The Diva project centers around Diva.js, a unique jQuery plugin that provides a user interface for viewing document images. The design of this component was informed by a survey of existing document image viewing interfaces, and from this survey a number of functional requirements for how document images should be displayed in a browser were formulated.

While the core of the Diva project is the jQuery plugin, other image processing infrastructure is required to serve the images in an efficient manner. We discuss how the components of this infrastructure work together in the “How it Works” section.

As an open-source project, we welcome feedback and code contributions. We are currently using Diva as part of an ongoing research project in digital music documents, but are interested in how it can be used for other document digitization projects in libraries and archives.

History and Motivation

Diva began as part of a project by the Swiss working group for the Répertoire International des Sources Musicale (RISM) project [1]. RISM is an international initiative, founded in 1952, whose purpose is to identify and catalogue musical sources held in libraries and archives around the world.

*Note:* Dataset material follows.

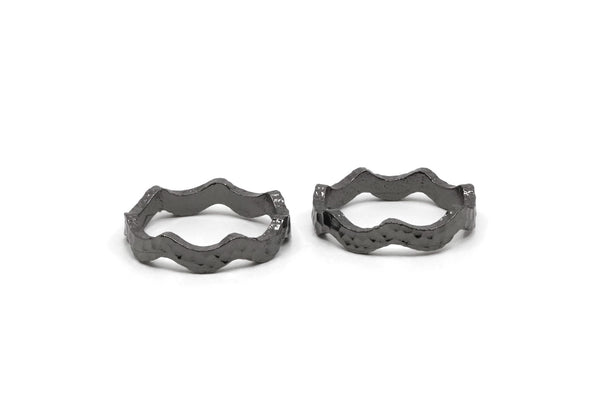 Gunmetal Wavy Ring, 2 Gunmetal Plated Brass Wavy Rings (17mm) N0356
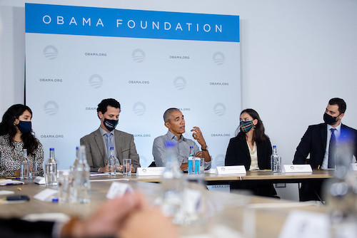 Le Directeur Général de la Société Équatoriale des Mines, Elvis Ossindji et la jeune gabonaise Claude Marie Andtoungou ont participé à une table ronde avec le Président (...)

The RISM database contains extensive information about each source in its catalogue, and is an important tool for discovery and source verification for music researchers.

In 2008, the Swiss working group for the RISM project was granted funding for an exploratory project in digitizing musical sources (prints and manuscripts) from Swiss composers held in libraries and monasteries across Switzerland. The goal of this project was to combine the extensive, research-quality metadata gathered over decades with high-quality images of the source itself, and publish these online in a freely accessible database. This would allow researchers to access the sources globally, and provides an important component for the preservation and promotion of Swiss national musical heritage [2].

At the beginning of this exploratory project, a partnership between the Swiss RISM and the Distributed Digital Music Libraries Laboratory (DDMAL) at the Schulich School of Music of McGill University was tasked with identifying the tools and interfaces that would be used for displaying the source images in a web browser. To identify the current “state of the art” we conducted a survey of 24 digital libraries. Based on this survey, we identified a list of functional requirements that we wanted in a document image viewer that was specifically designed for displaying musical sources. This survey is discussed extensively by Hankinson, Pugin, and Fuginaga (2009) [3], but we present a brief summary here.

Survey

We formulated five functional requirements from our survey in response to what we considered to be the best and worst features of current digital document image displays. While they were developed in a musical context, we think that they are broadly generalizable over all document types.

1. Preserve Document Integrity

One of the most common methods for displaying document images online is in an “image gallery” format, where users are required to click “next” and “back” hyperlinks to navigate page by page through the document. Some interfaces provide users with the ability to navigate to a specific page, either using a drop-down selection, a text box, or a series of hyperlinked page numbers. This method of display does little to preserve the original document as a cohesive entity.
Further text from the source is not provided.